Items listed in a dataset
►

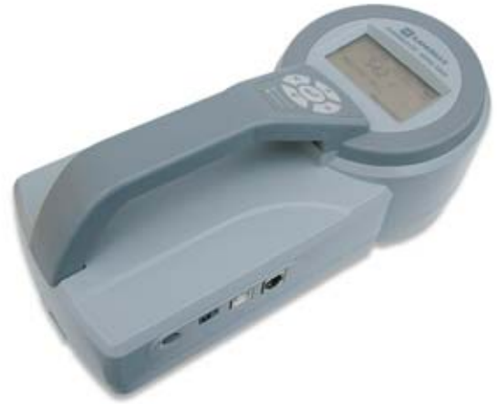
Handheld Condensation Particle Counter Model 3800

In Approaches to Safe Nanotechnology, NIOSH recommends direct-reading instruments and filter sampling with lab analysis to obtain particle number, size, and shape, degree of agglomeration, and mass concentration of elemental constituents in nanoparticles. Direct-reading instruments include both optical particle counters and condensation particle counters such as the Kanomax 3800.
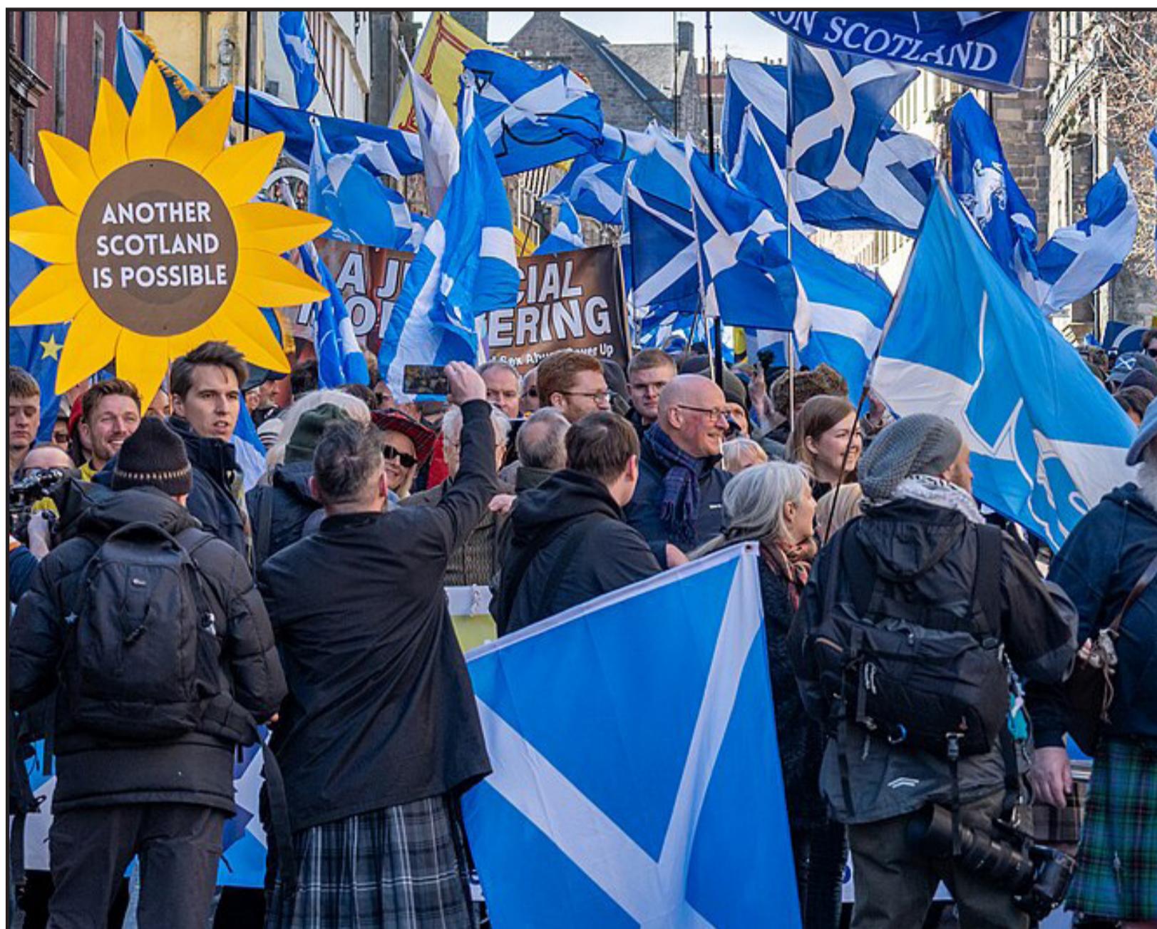
Class unity, not national unity, should be our first and foremost principle

But of course, given Reform's second place in both Scotland and Wales, in reality it is a British
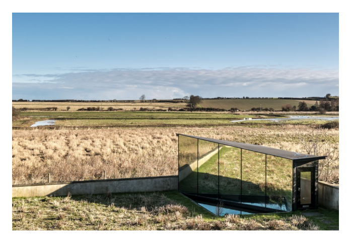
East Anglia Sold
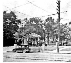
Accurate Oil Company E. Main St. & Parkview Ave. circa 1925

This past summer the Giant Eagle Corporate Headquarters in Pittsburgh contracted the Bexley Historical Society with an inquiry about Bexley businesses from years past. The society provided 30+ photos along with a brief history of each from which selections were made as to the ones the store's artist would interpret for display. The framed art work can be seen in the northeast entrance area and also on the east wall adjacent to the check-out facilities.
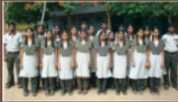
11 th Grade Students
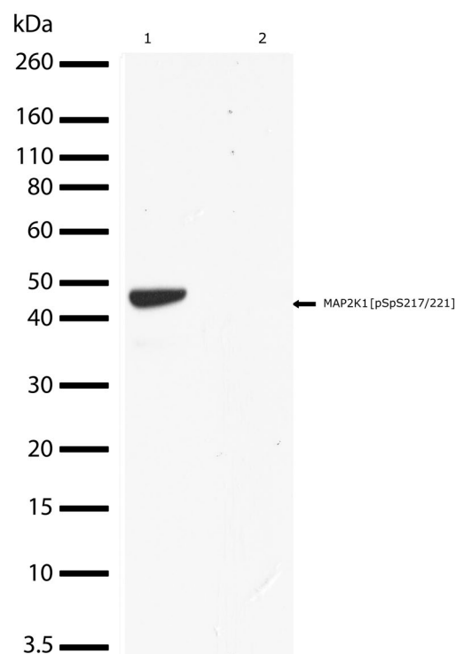
Figure 1 Western blot analysis of ABfinity™ MAP2K1 [pSpS217/221] Recombinant Rabbit Monoclonal Antibody (Cat. no. 701267).

Caution: Sodium azide is an extremely toxic and dangerous compound particularly when combined with acids or metals. Properly dispose of solutions containing sodium azide.
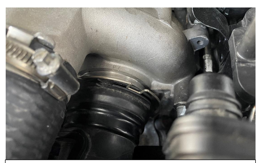
3. The inlets can be removed by pulling up the spring clips around the turbo flanges.
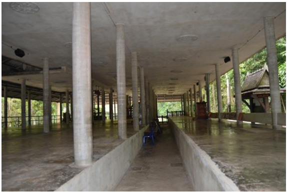
Fig. XI: A Hall for Meals [16]

Beside of the hall for meals it has a pathway to one of the important place at Suan Mokkh. Here is Nalike Pond which is in rectangle area and one hundred meter in width and two hundred meters in length. The pond is covered by algae. In the center it has a small island around five square meters where is overspread by grass. The sole coconut tree about twenty to thirty meters grows up there. It has an explanation that 'there is a memorial of earnest Dhamma practice of grandparents in ancient time, in Thai old lullaby states that: Nalike coconut tree is lonely in the sea of beeswax. No rain, no thunder, stay in middle of sea of beeswax. It will be reached there by sage man only. The meaning is that Nibbana is present amidst samsara.'
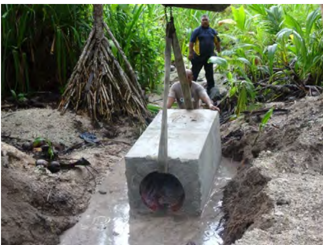
Photo above shows one of the culverts being lifted in position to drain excess water when the taro plantation floods. This project was also part of the SRIC Northern Students workshop outcome, where the students from Pukapuka proposed for fencing around their taro planting area and drainage to prevent further loss of

Pictured above is one of the culverts recently build and ready for transfer to the taro site for installation. Lucky Topetai the SRIC Focal Point worked alongside with the men of Pukapuka in constructing the culverts.

◄

• What you will do
Print nothing but the lines above starting with the line that contains "But of course, given" and going on through the line that contains "3. The inlets". Leave out the pictures.

• Task response
But of course, given Reform's second place in both Scotland and Wales, in reality it is a British
East Anglia Sold
Accurate Oil Company E. Main St. & Parkview Ave. circa 1925

This past summer the Giant Eagle Corporate Headquarters in Pittsburgh contracted the Bexley Historical Society with an inquiry about Bexley businesses from years past. The society provided 30+ photos along with a brief history of each from which selections were made as to the ones the store's artist would interpret for display. The framed art work can be seen in the northeast entrance area and also on the east wall adjacent to the check-out facilities.
11 th Grade Students
Figure 1 Western blot analysis of ABfinity™ MAP2K1 [pSpS217/221] Recombinant Rabbit Monoclonal Antibody (Cat. no. 701267).

Caution: Sodium azide is an extremely toxic and dangerous compound particularly when combined with acids or metals. Properly dispose of solutions containing sodium azide.
3. The inlets can be removed by pulling up the spring clips around the turbo flanges.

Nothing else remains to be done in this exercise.